In reflecting on her progress last fall, Coyne said that one of the main challenges was keeping up with the talented strikers she faced at the college level.
“I think the biggest thing for me was speed of play, now everyone that is pressuring you on offense is going 100 mph, so you have to make decisions faster, you can’t hold onto the ball long,” said Coyne.
“I could just do my thing as I wanted to when I was at club and in high school. It didn’t matter who I was playing, I could just figure it out. Now you have to pay attention, this striker is really strong, that striker is really fast.”
As she prepared for preseason practices, which started earlier this month, Coyne put in a lot of time on conditioning and skill work.

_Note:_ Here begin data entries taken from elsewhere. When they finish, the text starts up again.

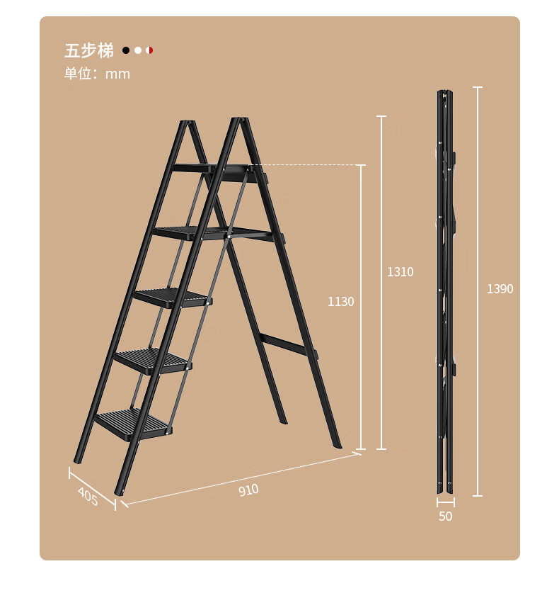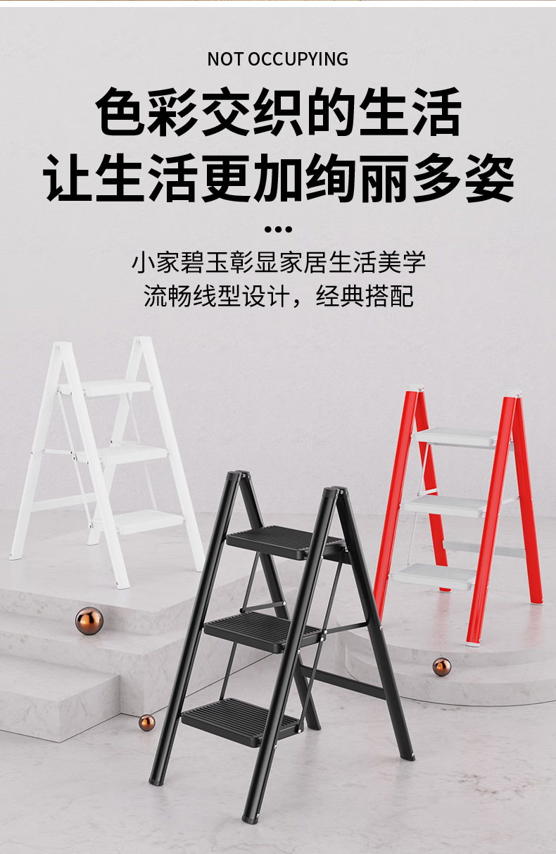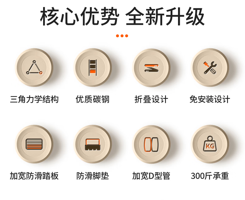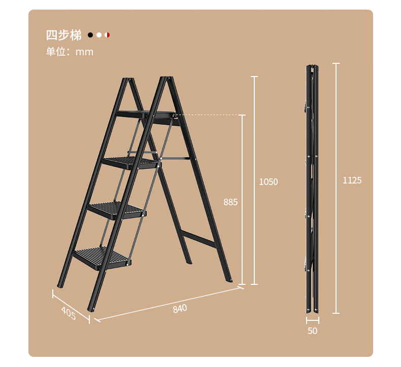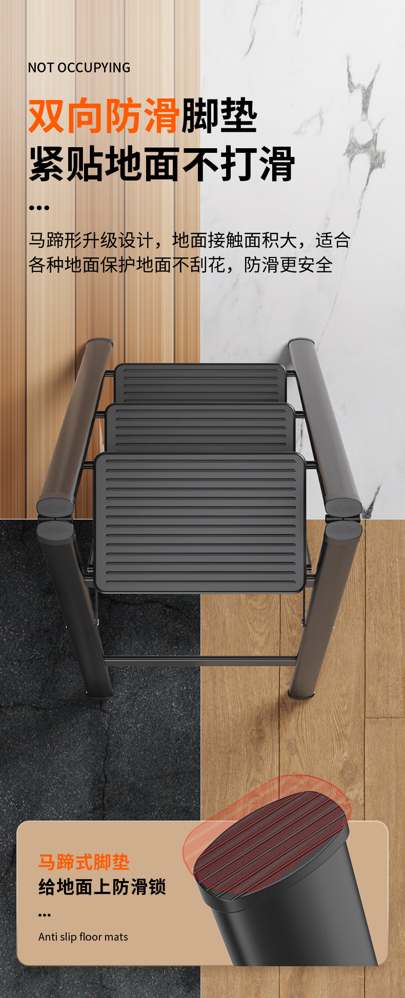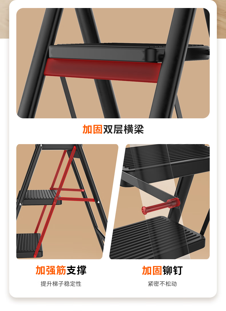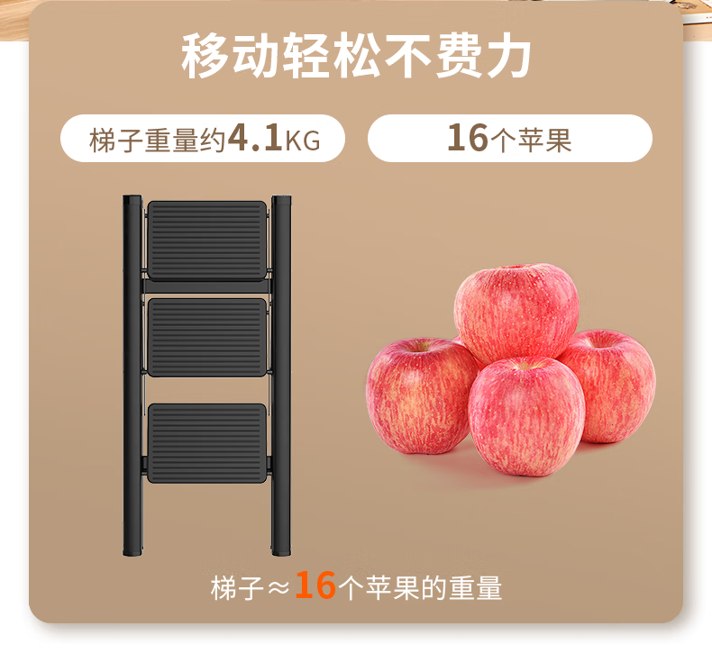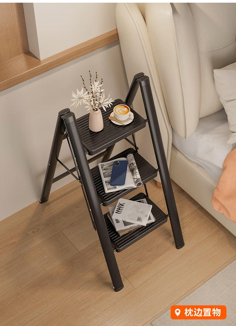 杜邦(DU PONT)梯子家用人字梯折叠梯多功能凳登高台阶小步梯【曜黑】四步
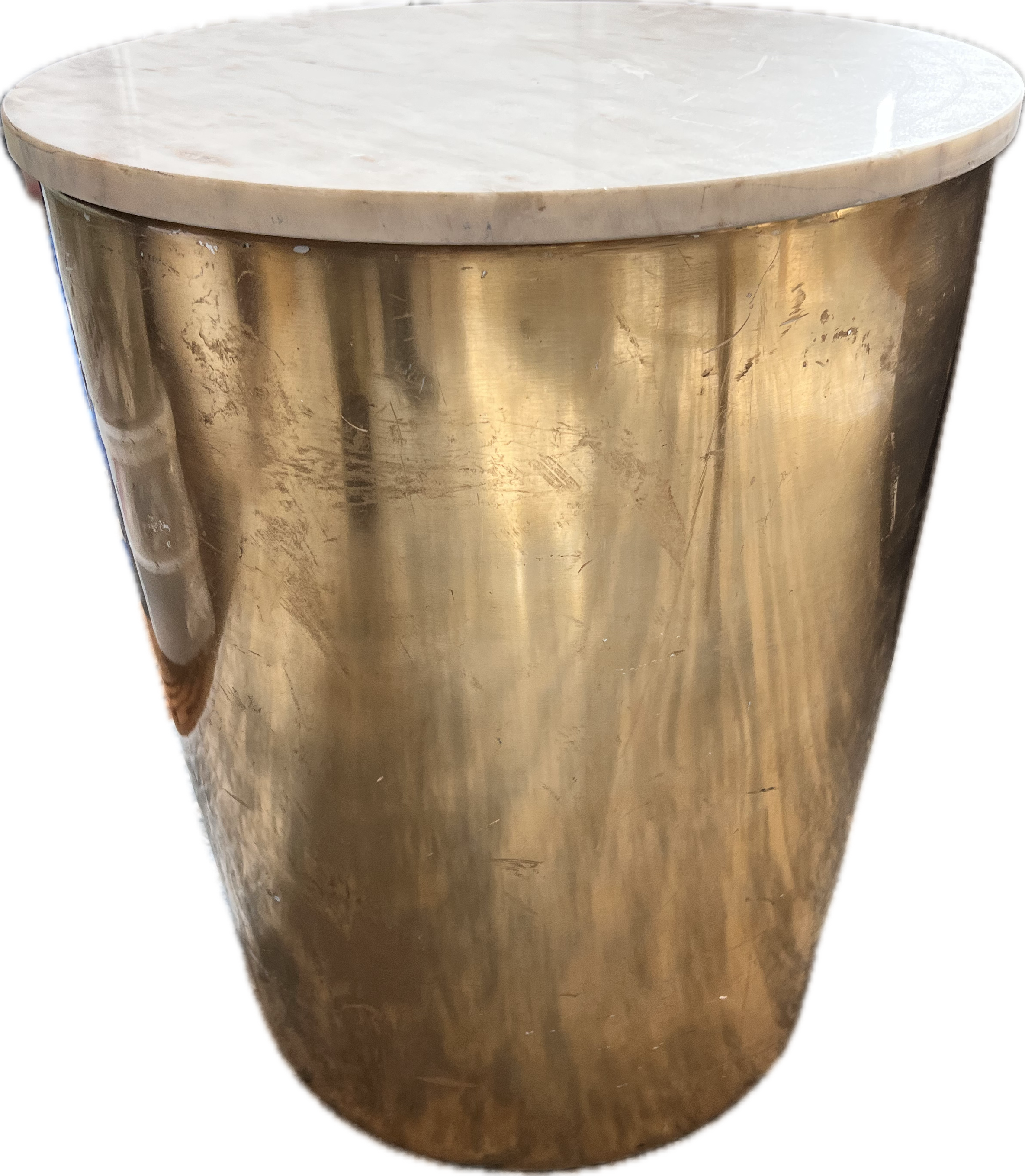 Round gold side table with removable marble top.
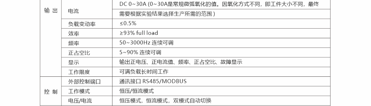 該電源為脈沖電源,為微弧氧化等需要脈沖的電壓和電流的情況而設(shè)計(jì)。電源采用高頻隔離設(shè)計(jì),采用先進(jìn)的DSP控制,輸出電壓穩(wěn)定,不因輸入電壓波動(dòng)而變化。輸出頻率和占空比可調(diào),波形良
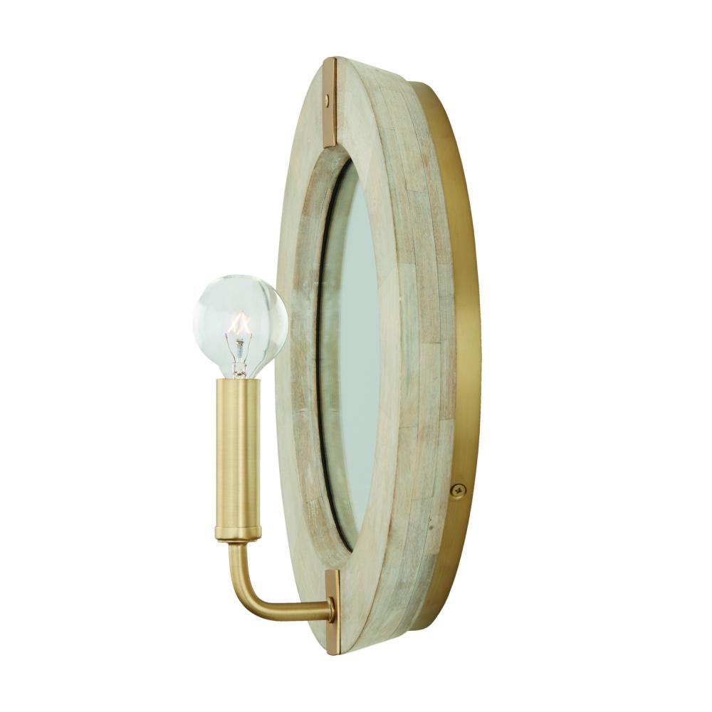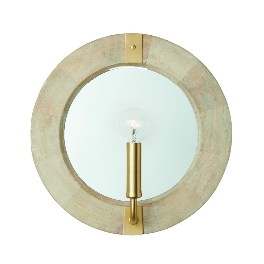 12"W x 12"H 1-Light Sconce in White Wash Wood and Matte Brass with Mirrored Backplate
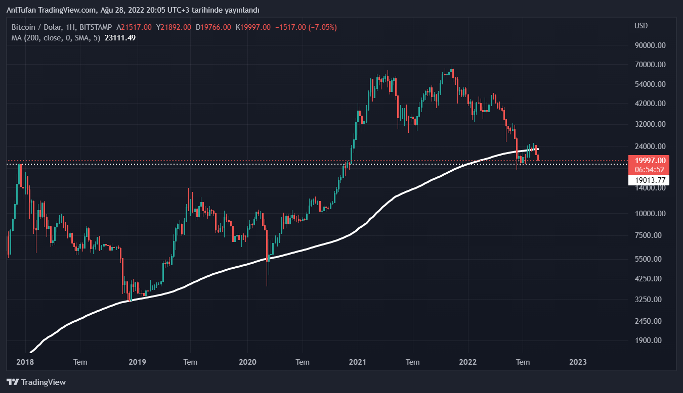 Bu haftayı da 200 haftalık hareketli ortalamanın altında kapatacak olan lider kripto para birimi birimi Bitcoin (BTC), 19 bin doların kati suretle altına sarkmaması gerekiyor.

“I ran everyday, I did training sessions with my trainer, he runs a skill session for college soccer players,” said Coyne.
“I train with girls and boys from Virginia Tech, Duke, Lehigh, Lafayette, and Columbia. They are really high level sessions; it is basically to keep me sharp and in shape. I tried to go to those twice or three times a week whenever I can make them. I lifted every other day.”
Looking ahead to her sophomore campaign, which starts when GW plays at William and Mary on August 22 in its regular season opener, Coyne is hoping to make a bigger impact this fall for the Colonials.
“Like anybody, I would like to start and play the majority of the games, that would be great,” said Coyne.
“If I go in and do what I have got to do, hopefully that will work out for me.”
With GW coming off a 2018 season that it saw it go 10-8-1 overall and 6-4 Atlantic 10, Coyne is confident that the squad can do a lot better this fall.
“Last year, we had a whole new coaching staff so everybody was getting used to them so we lost some games we should have won,” said Coyne.
“This year we will have a really strong offensive line which is lovely, I love playing with good forwards. Last year our starting defensive line was a freshman, junior and two seniors. They worked very well together.”
While Coyne acknowledges that being a D-I soccer player involves a lot of work, she believes the experience is worthwhile on many levels.
“The college experience is a grind, but it is worth it,” said Coyne, who is planning to go to law school after GW.
“It helps pay the bills, you have some pride in your school, you work hard, you bond, and you have a bunch of new friends. I am really close to all of the girls in my class. People say when you go through the recruiting process that it is a second job, and it is legitimately a second job. It is a full-time job. There is so much stuff that you have to put in; it is a mental fight, it is a physical fight, it is emotional. It is hard for people to get used to but once you are in it, you are having a good time.”